In 2021, following extensive renovations which included the construction of a 600-seat stand and terracing, the capacity of the park increased from 2,100 to 3,700.

===Hurling===
Corrigan Park was associated with the run of the Antrim hurling team to the final of the 1943 All-Ireland Senior Hurling Championship. The ground staged the quarter-final in which Antrim beat Galway and the semi-final in which Antrim beat Kilkenny, both unexpected results at the time. Its tight, confined space was regarded as being advantageous to the home side in those matches.

===Football===
Among the major football championship matches it staged were the Cavan-Antrim Ulster championship semi-finals of 1930, 1931 and 1949. Its last major provincial football championship match was Antrim v Donegal in the Ulster championship of 1952.

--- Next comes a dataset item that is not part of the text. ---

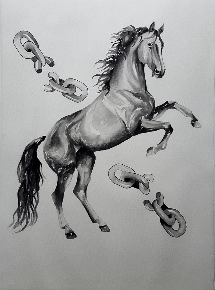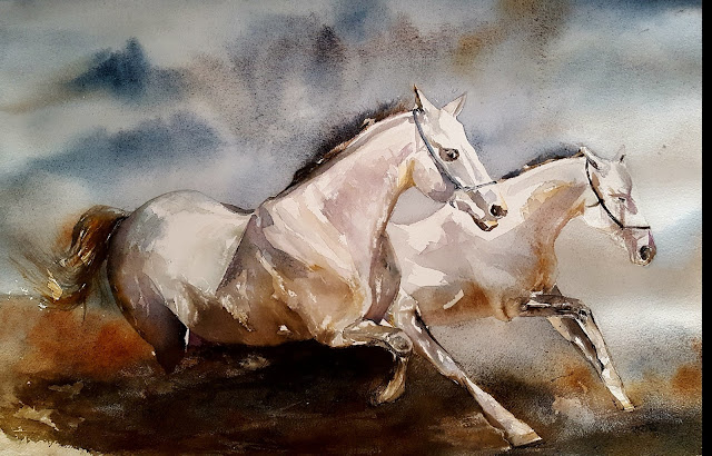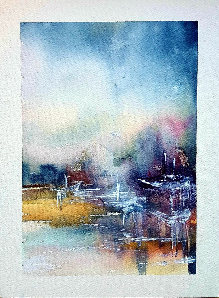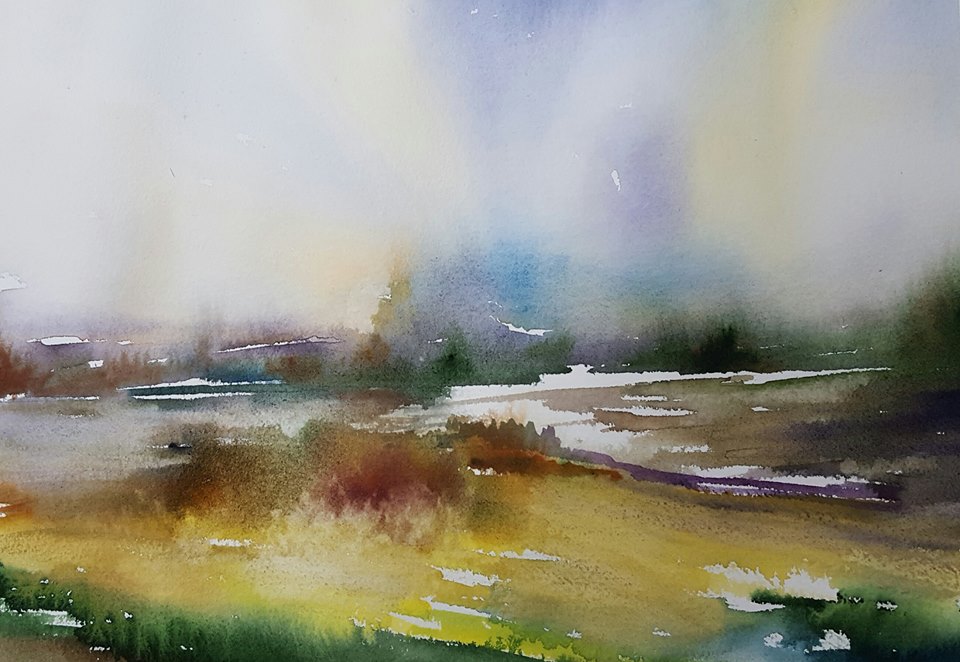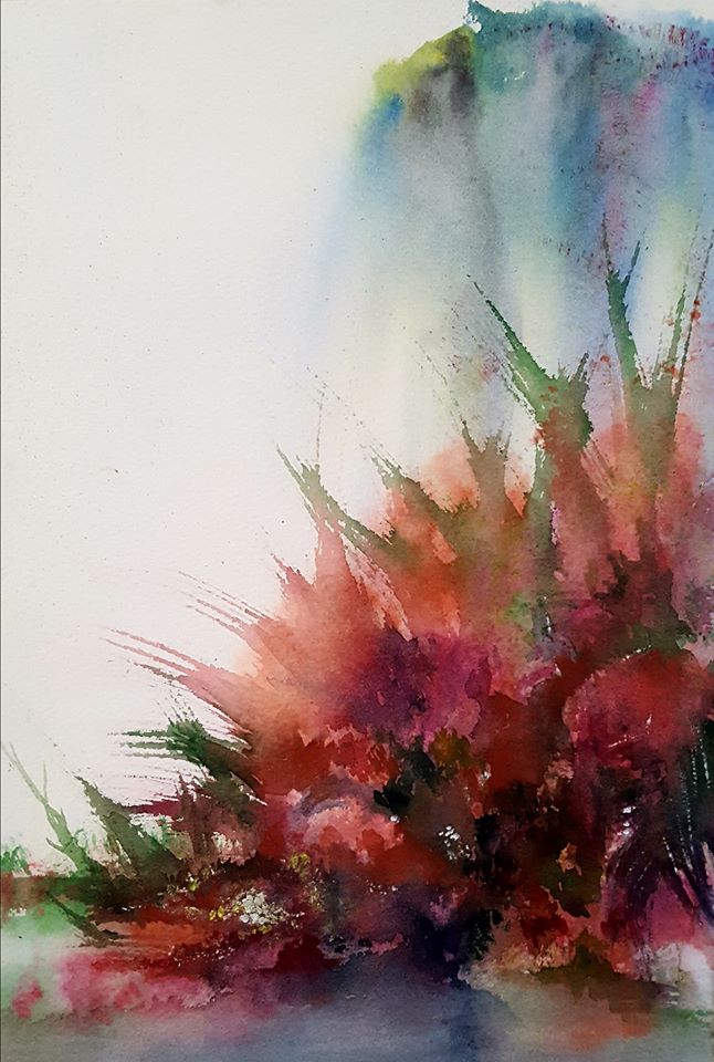 de agua y color que produce la técnica de la acuarela traspasa al ejecutor y al observador más allá de la locura de una liberación compartida".

Corrigan Park also hosted Antrim's Round 2 Qualifier defeat to Kildare in the 2019 All-Ireland Senior Football Championship.

===Camogie===
Corrigan Park staged the All Ireland Camogie finals of 1944, 1946, and 1947, two of which were won by Antrim, and also several of Antrim's semi-finals. It became known as the "home of camogie" during this period.